Similarly, the urine may affect the energy-converting module, such
as via magnetic fields. The moisture shell may be a waterproof
envelope or other suitable structure or coating for preventing
urine from contacting the circuitry of the module. The moisture
shell may be useful in preventing urine from directly interacting
with metals or other materials that may be used to construct the
energy-converting module, thereby limiting potential harm to a body
exposed to the urine. The moisture shell may also prevent urine
from shorting an electrical circuit included in an
energy-converting module.
[0024] Of course, in some embodiments, an energy-converting module
without a moisture shell may be used. Such an energy-converting
module, which may include an electrical resonator, may be
configured to lose its ability to attain mutual oscillation when in
the presence of urine, because it is short circuited, for example.
Therefore, the non-insulated energy-converting module may serve as
an indication of the presence of urine, even for small quantities
of urine. An energy-converting module insulated from moisture may
be used in combination with a non-insulated module to facilitate
quantity-related detection. Furthermore, the insulated
energy-converting module may be used to determine that a
non-insulated energy-converting module is not participating as a
result of a condition other than contact with urine.
[0025] In application, detection wand 32 may be used to collaborate
with one or more energy-converting modules, such as module 42
and/or module 42'. As described above, inducer 34 may generate an
alternating magnetic field, which may be at least partially
absorbed by the energy-converting modules. The analyzing module may
then track changes in the energy distribution between system
components. In general, the energy that is exchanged between the
inducer and an energy-converting module(s) depends on the magnetic
coupling coefficient, their relative impedance, and the frequency
of the magnetic field. An ionized substance may affect the
impedance of a system component, such as by changing parasitic
capacitance or magnetic permeability, and/or change the properties
of the magnetic field such as by absorption or distortion.
[0026] Mapping the behavior of the system during a data acquisition
cycle yields one or more response curves, and/or magnetic energy
distribution functions, representing the energy distribution
pattern, as described below with reference to FIGS. 4 and 5. A
response curve may represent time-correlated variations in signal
amplitude to different frequencies of an alternating magnetic field
as measured at different locations within the system.
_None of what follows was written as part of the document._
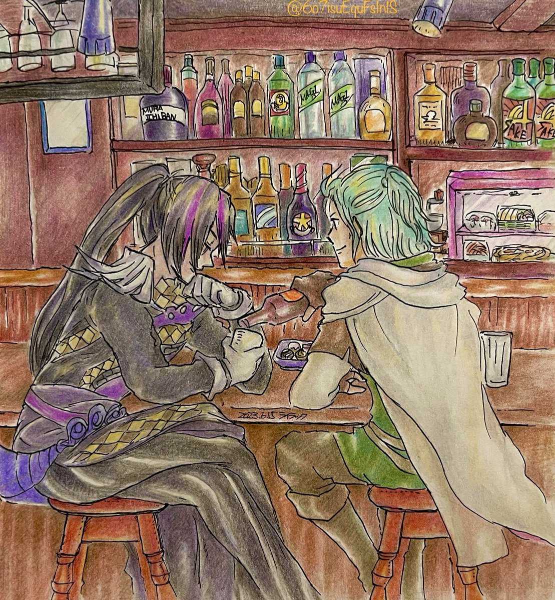 #2023年自分が選ぶ今年上半期の4枚 前回のお気に入り4枚タグ、企画絵とは別に絞ると、飲み食いしてる絵ばっか描いてました🍺 ①サガスカ主人公×酒シリーズ ②アイアンシェーフ!知ってる人いて嬉しいです ③施設メンバー、ほぼ続投でしたね☺️ ④背景に気を取られて主役が淡くなっちゃいました…

Similarly, a
response curve may represent variation of signal level in time,
correlated with the build up and collapse of a magnetic field
associated with an electrical pulse.
[0027] In the present implementation, the detection system is
designed so that the energy distribution reacts to an ionized
substance located at an effective distance within the shared
magnetic field, and yields a system response curve and/or magnetic
energy distribution function that is distinctly different from when
the system is inert. Therefore, analysis of the response curve
and/or magnetic energy distribution function may be used to detect
the presence of urine, which is an ionized substance. If the system
is allowed to enter into a state of sympathetic oscillation, the
response curve may exhibit a unique behavior associated with a
hysteretic effect. Identifying this hysteretic effect may provide
an additional method of distinctly characterizing system response,
which is not solely dependent on amplitude measurements, and may
potentially improve the system's signal to noise ratio.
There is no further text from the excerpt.